Not sure what the point of prechopping the stuff was.
@azonenberg Juicero was a stylish, robust, over engineered and expensive appliance that was exceptional at...
...squeezing little bags of macerated fruit...
...except if the little bags lacked the Magic Barcode...
...which you could only get through an expensive subscription
Such a ridiculous concept that even if you did jailbreak the thing it is absurd to go through the expense and effort for a fekkin BAG SQUEEZER whether it works or not.
Honestly the analogy is spot on with respect to LLMs. They are stylish, robust, over engineered and expensive prediction machines, and they can and do work with specific, basic use cases, but the immense resources expended for those specific use cases are very much reminiscent of the Juicero.
@itnomad Squeezed these foil packs of veggie/fruit pulp into a cup for you. That's it.
And the packs had DRM on it so it they "expired" you had to buy new packs. You "couldn't" get the juice from it using you $400 tool. (However a knife worked just as well)
@azonenberg Not really, no. It just squeezed contents out of a bag where you could get the same result with your hands faster than the machine. Thoroughly snake oil.
@azonenberg @kaye That is not correct. It was grossly overengineered and wasn't a general juicer. It just squeezed pre-made bags that a person could squeeze well by hand. At best, it was very good at fooling people into thinking it was a good juicer. A detailed teardown is here:

Hidden away in Juicero’s bad week of press is one of the most powerful lessons we preach to hardware startups: unconstrained development is lethal. Last week Bloomberg published an article exposing how easy it is to “hack” Juicero’s produce packs by squeezing them with your hands, deeming the $69
@williampietri @kaye Yeah I had thought that the "pre-made bag" bit was just for DRM purposes.
Like, a Keurig can totally brew ordinary ground coffee if you can pour it into a k-cup of the right size and convince it to do so.
@azonenberg @kaye It was? Afaik it for the most part squeezed out pre-shredded bits swimming in their own juice, leaving behind a lot of waste in the shape of a multilayer plastic pouch.
I prefer the centrifugal juicer.
While we're at it, teardown time.
https://www.youtube.com/watch?v=_Cp-BGQfpHQ
https://www.businessinsider.com/what-is-inside-a-juicero-juice-packet-2017-4
@azonenberg @kaye it wasn't though. The pouches it squeezed were already basically cooked or at least pulped. A rolling pin would've done just as good of a job.
And no support for making any custom juicing blends for it to squeeze fruit from. That would've been the cool part, and from what I remember was purposefully insinuated but never actually stated, so when they said it wasn't gonna happen it predictably flopped.
@azonenberg @kaye it was possible to squeeze the proprietary bags by hand without needing to buy a $700 machine to do it.
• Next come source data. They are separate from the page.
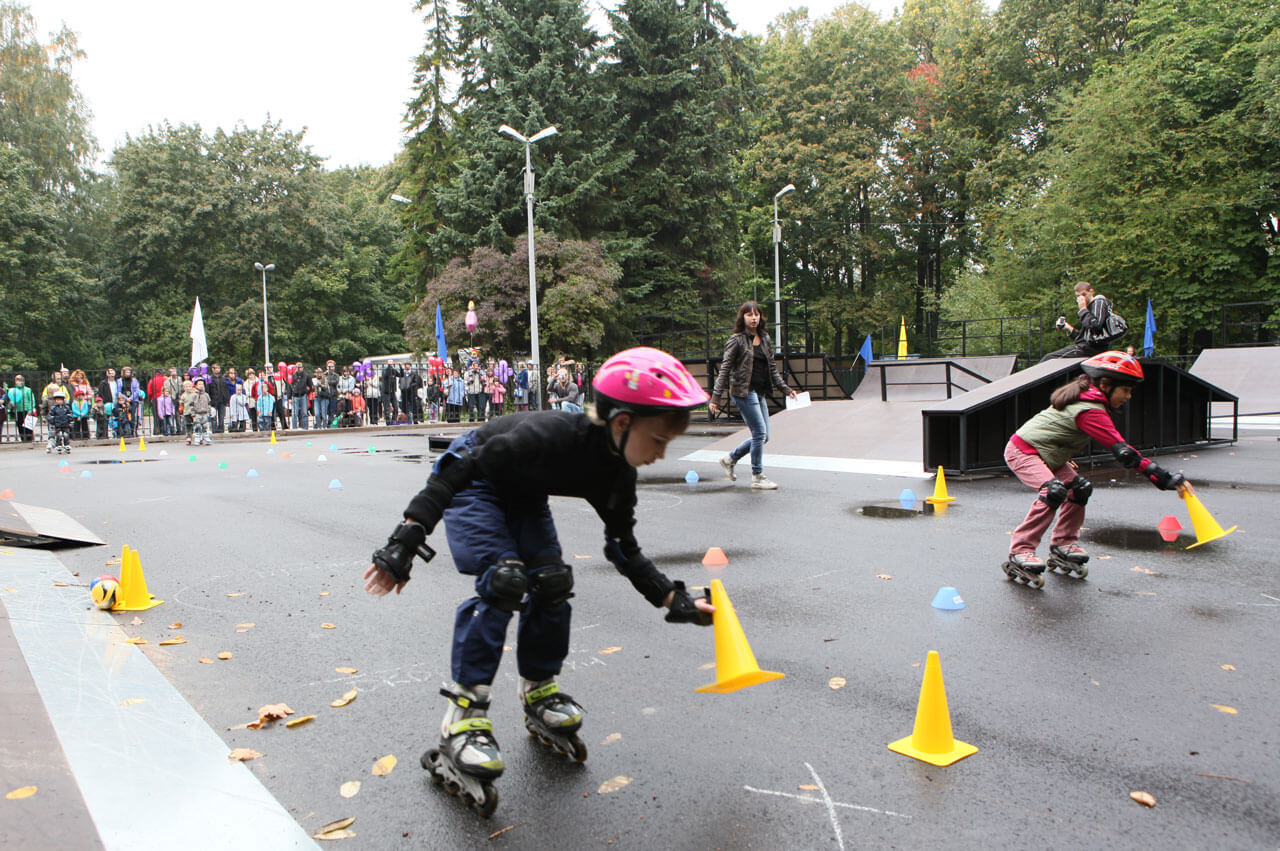 Парк без специальных дорожек, но с широкими асфальтированными аллеями, на которых будет удобно кататься, не задевая прохожих.
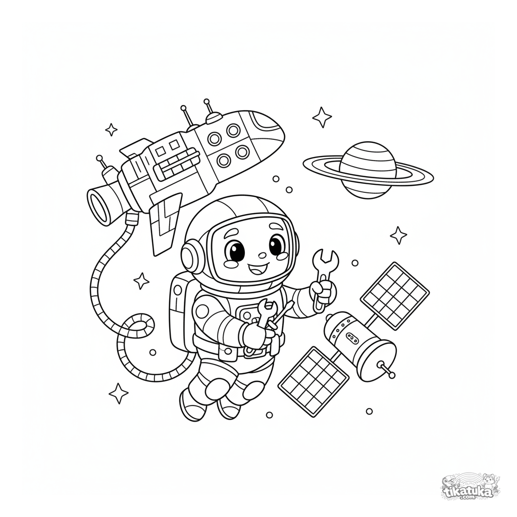 Раскраска с дружелюбным роботом-астронавтом, который чинит спутник в открытом космосе. Для детей 4-6 лет, с простым космическим фоном.
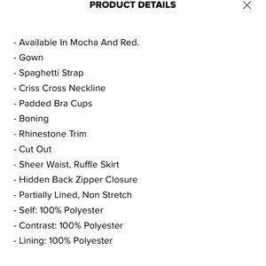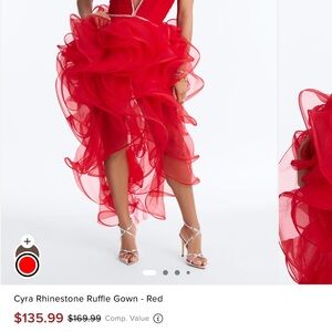 Make a statement with the Rhinestone Ruffle Gown in vibrant red. This stunning dress features intricate rhinestone detailing and dramatic ruffles, perfect for any special occasion.
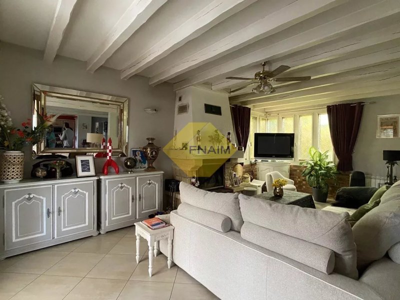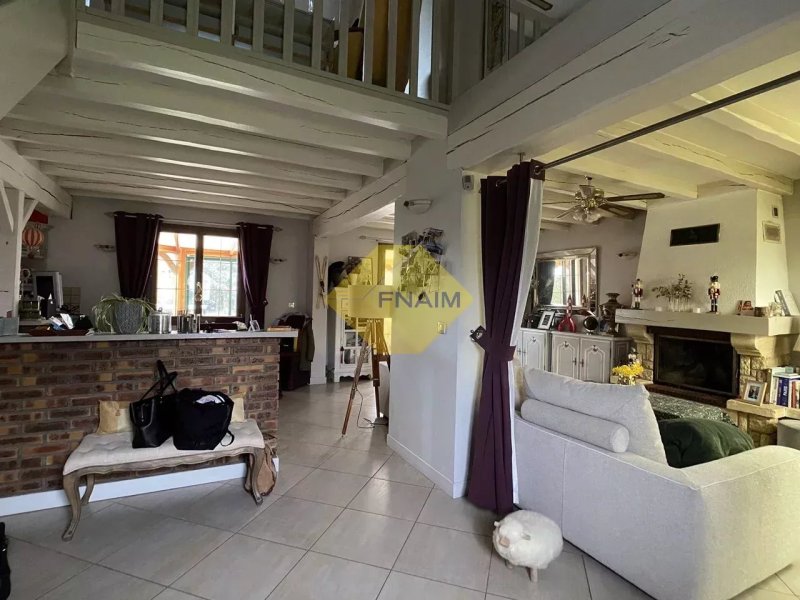 Séjour lumineux avec cheminée, véranda, cuisine américaine équipée, 5 chambres dont une au rez-de-chaussée, mezzanine, salle d’eau, salle de bains, 2 WC.

But you needed a proof of purchase of the machine to buy the bags.
The comparison with LLMs is on point.
This video is said to have caused their bankrupcy.
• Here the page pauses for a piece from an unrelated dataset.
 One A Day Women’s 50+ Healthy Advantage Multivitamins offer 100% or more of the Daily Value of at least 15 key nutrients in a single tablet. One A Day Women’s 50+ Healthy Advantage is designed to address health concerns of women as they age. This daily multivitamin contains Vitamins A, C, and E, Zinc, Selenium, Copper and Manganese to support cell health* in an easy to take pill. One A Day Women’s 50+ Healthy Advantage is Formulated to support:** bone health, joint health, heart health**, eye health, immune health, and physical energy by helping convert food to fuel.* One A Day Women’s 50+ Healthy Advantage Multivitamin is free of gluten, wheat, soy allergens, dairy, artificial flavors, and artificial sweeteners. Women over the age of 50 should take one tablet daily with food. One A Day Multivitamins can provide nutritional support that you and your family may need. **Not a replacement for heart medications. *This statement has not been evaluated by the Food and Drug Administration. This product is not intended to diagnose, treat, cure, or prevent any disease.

@azonenberg @kaye It wasn't even a juicer, it was an excessively overbuilt juice dispenser.
It collapsed when people found that they could just squeeze the pouches by hand.
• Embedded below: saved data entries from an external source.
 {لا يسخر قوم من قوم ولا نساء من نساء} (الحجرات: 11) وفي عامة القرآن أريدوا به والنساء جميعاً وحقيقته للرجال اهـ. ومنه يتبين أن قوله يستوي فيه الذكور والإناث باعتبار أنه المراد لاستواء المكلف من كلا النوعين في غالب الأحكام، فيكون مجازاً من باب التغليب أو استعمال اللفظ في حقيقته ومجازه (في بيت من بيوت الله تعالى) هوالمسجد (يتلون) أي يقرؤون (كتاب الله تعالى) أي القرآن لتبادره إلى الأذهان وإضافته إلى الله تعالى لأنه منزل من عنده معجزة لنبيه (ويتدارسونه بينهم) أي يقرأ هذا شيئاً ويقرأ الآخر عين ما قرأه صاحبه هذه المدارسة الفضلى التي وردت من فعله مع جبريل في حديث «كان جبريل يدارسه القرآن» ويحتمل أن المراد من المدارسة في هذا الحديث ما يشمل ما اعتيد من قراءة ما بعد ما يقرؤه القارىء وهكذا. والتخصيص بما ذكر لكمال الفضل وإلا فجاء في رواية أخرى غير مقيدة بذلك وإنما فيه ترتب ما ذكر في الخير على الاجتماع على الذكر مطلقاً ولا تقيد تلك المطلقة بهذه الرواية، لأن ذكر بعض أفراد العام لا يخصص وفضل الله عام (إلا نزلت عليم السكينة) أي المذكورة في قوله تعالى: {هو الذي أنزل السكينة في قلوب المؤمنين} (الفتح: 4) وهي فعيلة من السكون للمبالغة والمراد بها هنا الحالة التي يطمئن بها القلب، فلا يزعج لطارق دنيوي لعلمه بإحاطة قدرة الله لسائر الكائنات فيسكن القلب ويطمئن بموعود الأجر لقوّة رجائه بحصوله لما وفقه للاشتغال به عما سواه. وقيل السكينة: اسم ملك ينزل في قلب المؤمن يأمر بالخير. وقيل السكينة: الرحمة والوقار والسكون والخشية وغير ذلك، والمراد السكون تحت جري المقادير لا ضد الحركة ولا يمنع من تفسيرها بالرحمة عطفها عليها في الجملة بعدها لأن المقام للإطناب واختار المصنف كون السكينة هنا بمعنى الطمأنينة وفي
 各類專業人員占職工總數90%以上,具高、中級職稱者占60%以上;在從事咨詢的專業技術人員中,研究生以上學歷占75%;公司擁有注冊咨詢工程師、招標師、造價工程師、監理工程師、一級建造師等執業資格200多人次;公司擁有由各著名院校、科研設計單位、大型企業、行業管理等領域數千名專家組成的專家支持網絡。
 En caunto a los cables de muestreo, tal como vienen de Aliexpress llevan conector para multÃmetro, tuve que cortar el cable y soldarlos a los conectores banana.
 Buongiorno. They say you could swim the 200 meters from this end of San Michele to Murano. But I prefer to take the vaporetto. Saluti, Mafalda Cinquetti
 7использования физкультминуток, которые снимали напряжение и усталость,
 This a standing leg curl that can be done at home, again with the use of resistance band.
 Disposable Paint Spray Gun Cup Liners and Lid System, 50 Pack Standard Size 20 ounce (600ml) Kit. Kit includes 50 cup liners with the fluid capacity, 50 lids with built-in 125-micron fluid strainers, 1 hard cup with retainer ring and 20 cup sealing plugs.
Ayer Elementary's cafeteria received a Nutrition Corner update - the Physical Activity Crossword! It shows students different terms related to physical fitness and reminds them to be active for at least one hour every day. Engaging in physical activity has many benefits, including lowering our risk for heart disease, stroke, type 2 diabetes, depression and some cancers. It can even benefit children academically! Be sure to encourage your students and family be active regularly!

As it should. Lord, I hate DRM tech in everything. 
@kaye F the juice, give me COFFEE. Hand-picked, hand dried, transported by mule-cart to the electric railhead, loaded onto ships powered by SAF, delivered to the roaster in electric vehicles, roasted with solar power, fetched by me on my electric bicycle, ground by hand, brewed with water heated by windmill power, in a French press that modulo the screens will basically last several generations. And everybody involved in this whole cycle gets paid a living wage and has universal healthcare.
This is my nirvana, my hill that I will not die on, but live until I am 105, dug into the side of it in a sustainable hobbit-hole covered in solar panels.